My Take | Mental illness from Covid on the rise? Relax, not really
- Almost all such surveys are substandard scientifically, according to one US expert and the Journal of Psychosomatic Research

It turns out there may be fewer than first thought. Those who did the surveys and the news reports about them are both being unnecessarily alarmist, if an eminent US psychiatrist is right.
Michael Scheeringa, professor and vice-chair of research for psychiatry at Tulane University School of Medicine, in New Orleans, has reviewed 34 such studies from 11 places, including Hong Kong, Taiwan and the mainland.
Writing in Psychology Today, he finds almost all the studies substandard academically and scientifically, and that some journals have relaxed editorial standards to put them on the fast track for publication. “When I look at these studies, there are obvious problems,” he wrote. “More are being published every week. I gave up trying to read them all, but it probably doesn’t matter, because nearly all of them used the same methods.
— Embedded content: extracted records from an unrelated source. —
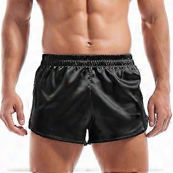 Satin Boxer Briefs for Men - Sexy Silk Lounge Shorts, Loose Split Sleep Pajama Bottoms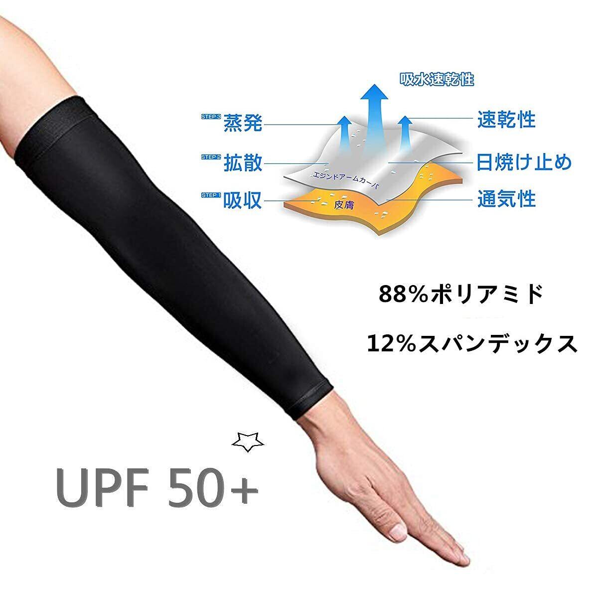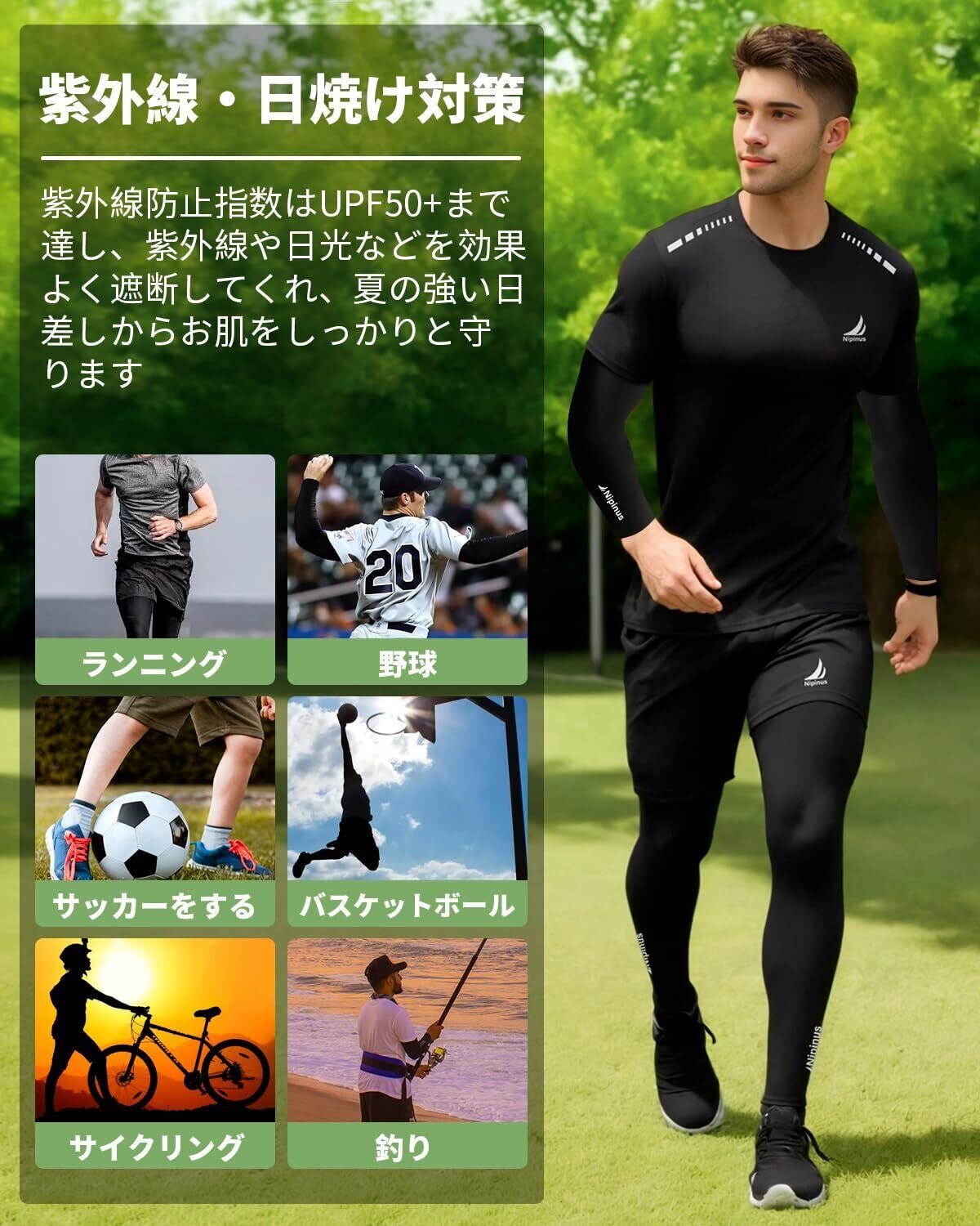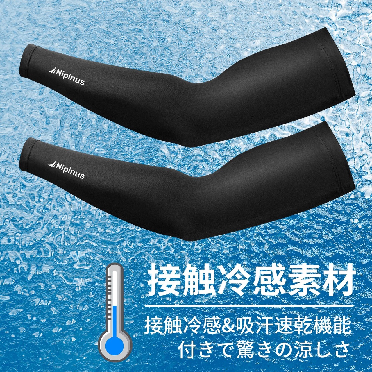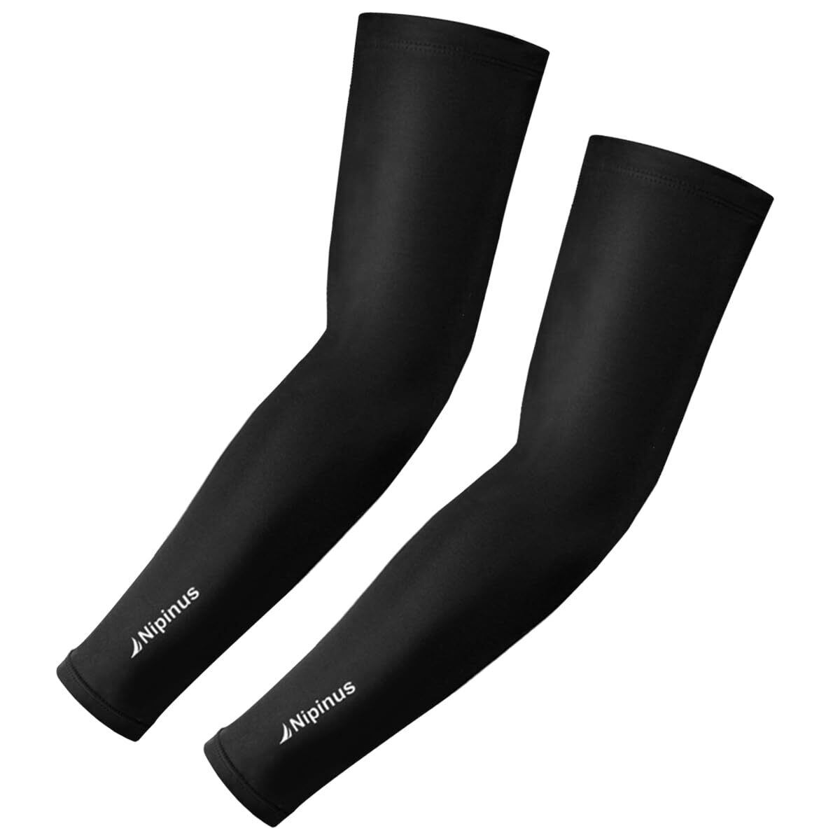 [Nipinus] アームカバー 冷感 日焼け防止 腕カバー アームスリーブ UPF50 速乾 滑り止め スポーツ活動用 軽量 男女兼用 両腕/セット (ブラック, M)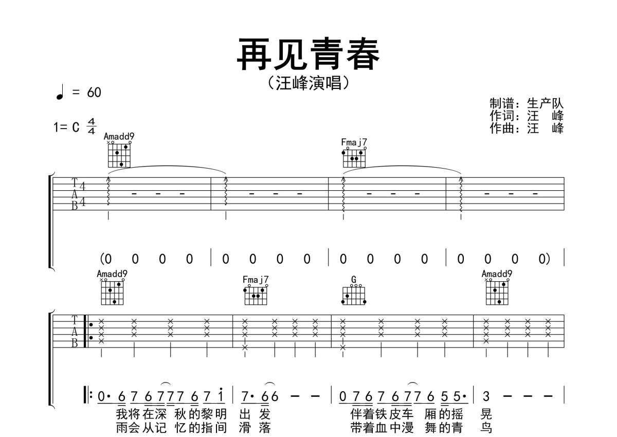 汪峰《再见青春》吉他谱 - C调弹唱六线谱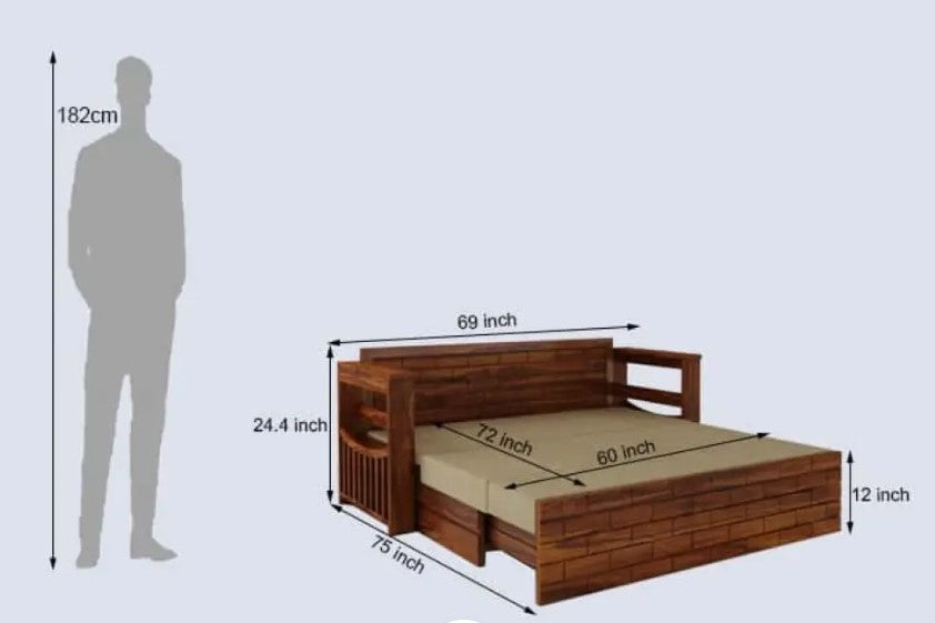 The Harmony Solid Sheesham Wood 3-Seater Sofa Cum Bed by LivIn Styles is a perfect blend of elegance, durability, and multifunctionality. Crafted from 100% solid Sheesham wood, this sofa cum bed offers exceptional strength and natural beauty, making it a timeless addition to any home. Designed with comfort in mind, it features a supportive headboard and a convenient mini storage compartment, ideal for keeping essentials within reach. During the day, it serves as a spacious 3-seater sofa measuring 60" × 28", providing ample seating for family and guests. By night, it effortlessly converts into a cozy bed measuring 60" × 72", making it an excellent choice for compact living spaces or guest rooms. Basic assembly is required, with all necessary hardware tools included in the package. Please note, accessories shown in images are for representation only and are not included.

They just keep repeating the same type of research in different countries.”
He identifies six common problems, five of which plagued all but one of the studies, or so he claims.
All the studies he reviewed were based on self-administered questionnaires rather than interviews by trained researchers. This means individuals could misunderstand or misinterpret the questions, and give the answers they thought researchers wanted rather than stating their actual conditions.